Tom decided he could get to like the Swiss Guards. He still kept in touch with the German ex-mercenaries in the regiment he'd helped organize just after the Ring of Fire, and the Swiss Guards were from a similar mold. A little less rough-and-ready, what with having to be on their best behavior at various church functions all the time, but basically the same. And after having dealt with a dozen different dialects of German, Tom found the Swiss dialect pretty easy to understand within a few minutes. While he was chatting with the Guards, Ruy had been convincing the Jesuit who had spoken that they were safe to be allowed into the papal presence, even agreeing that they would check their weapons at the door of the audience chamber. The Guards seemed fairly sorry to see the shotgun go, if nothing else.

Getting to see the pope turned out to be something of a trek. Once out of the bastion, the interior of the Castel Sant'Angelo's citadel was a lot more convoluted than it had been when Tom had played tourist there as a teenager, when it had been a museum. The building had had a nearly two thousand year history by then and Tom had found it confusing. Now, at sixteen hundred years and a working fortress and prison rather than a museum, it was even worse. There was the detritus of extensive renovation and building works shoved aside everywhere, and the place was full of scurrying priests, nuns, and assorted guys with guns and other weapons who were being soldiers for the day.

The route up through the central keep of the Castel Sant'Angelo, which had begun life as the Mausoleum of the Emperor Hadrian, was like traveling through a layered history of Roman architecture, starting with the remains of the original tomb at the bottom, a spiral corridor up through the monument, proceeding to the medieval prison level and thence up to the renaissance apartments built on the top of the fortress, an oblong block of papal luxury standing across the drum of classical fortification.

His Holiness was, of all places, on the roof. He was dressed in what Tom had to suppose had to be called "civilian" clothes, although they were a couple of decades out of fashion and rather expensive-looking. There was a small breastplate in evidence and a helmet on the table next to him. Clearly what the well-dressed pope wore to a battle. In fact, there seemed to be no cardinals nor bishops nor any other senior clergy in evidence. The only priests Tom could see were in the regular dress of ordinary priests or Jesuits and one or two other orders of priests that Tom didn't know well enough to tell apart.
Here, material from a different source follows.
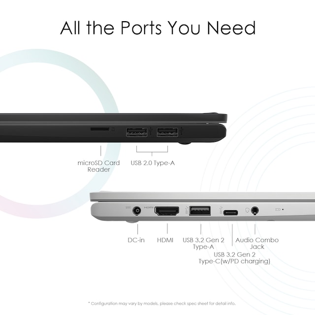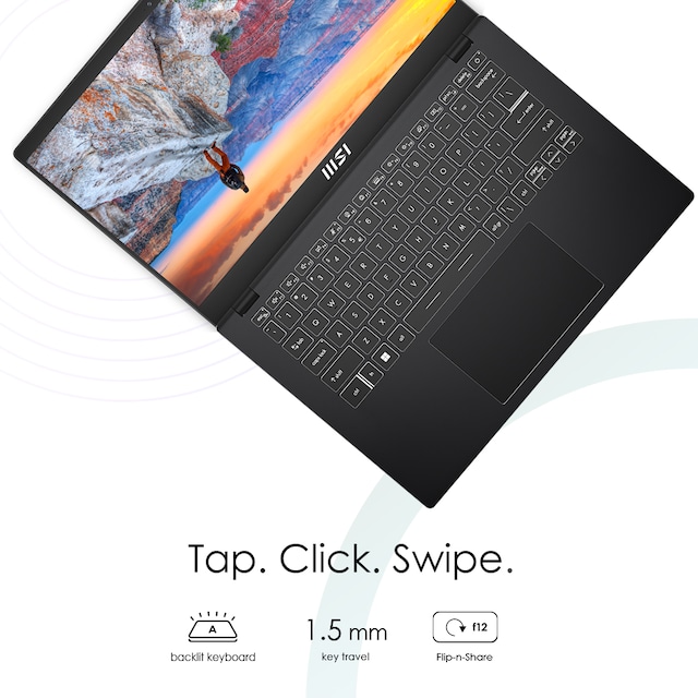 Med 180° lay-flat- och Flip-n-Share-funktionen kan du dela skärmen med ett klick för att få en mer produktiv arbetsplats. Den optimerade 1,5 mm-tangenten gör skrivupplevelsen mer ergonomisk. Tack vare ett bakgrundsbelyst tangentbord i full storlek kan du arbeta i mörka miljöer.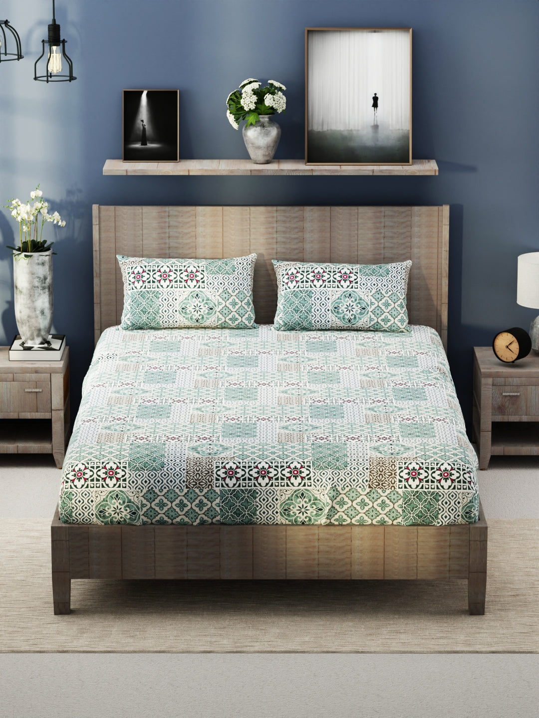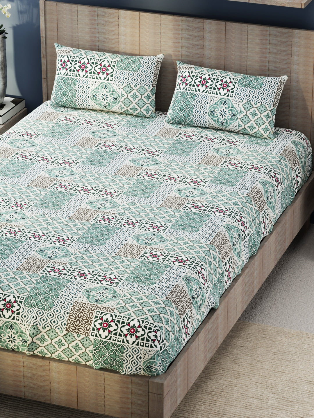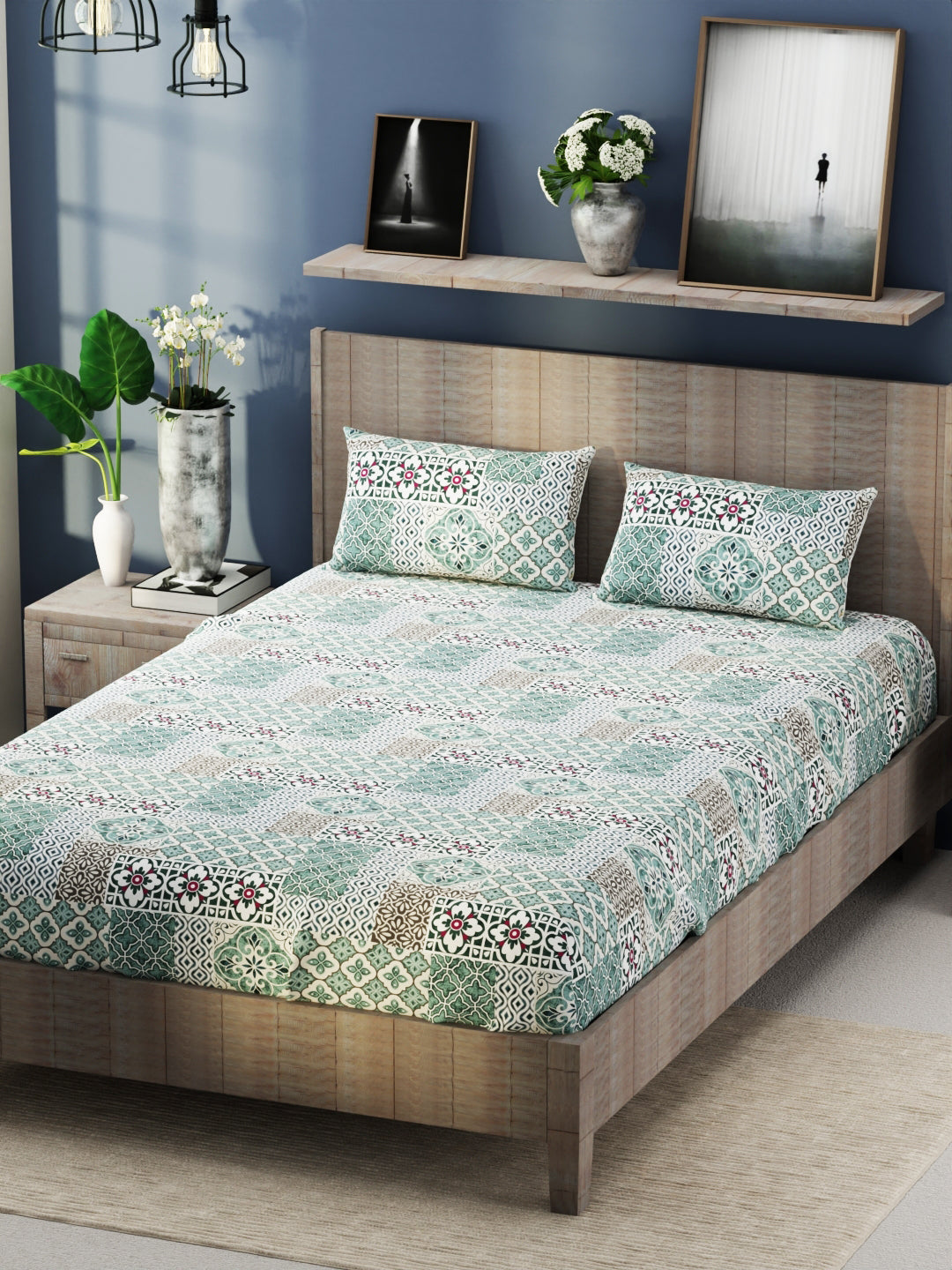 This bedsheet is treated with a brushed-peach finish for a softer feel. The fabric is heavy duty and features zero-color fading. Enhance the beauty of your bedroom interiors with this modern print. This set also comes with two matching pillow covers. It is easily machine washable, hence making its handling simple.

That figured. If what Barberini had seen was typical, any senior priest in this place was on a hit-list of some kind. Either they'd heard the same story or were smart enough to figure it out, and were ready to take it on the lam incognito. And the fact that they were all ready to run pretty much summed up the way they were thinking inside the Castel Sant'Angelo.

One of the priests who had guided them up to the papal presence went over to converse with the aides surrounding the pope. Looking around, Tom could see that the rooftop had a commanding view of the defenses, although if the army outside got any artillery worth the name organized it was going to be a place they'd have to get the hell out of pretty quickly.

While they waited, he turned to Ruy, who was leaning over the parapet watching the gunners below heave and grunt to service their bombards. "You reckon they can hold here?" he asked, quietly.

"No," Ruy said, not taking his eyes from the sight of the men laboring over the bombards by torchlight below. "The first escalade will carry the wall, possibly in many places at once. With more men, more time to prepare, or the outer defenses intact, or any of a hundred other things not as they are, there might be hope for some days. As it is?" Ruy shrugged. "And they know it. But these are the Swiss Guard. It is a little more than a hundred years since they died, almost to the last man, guarding a pope. They will not surrender so long as His Holiness still stands here, his flag flying."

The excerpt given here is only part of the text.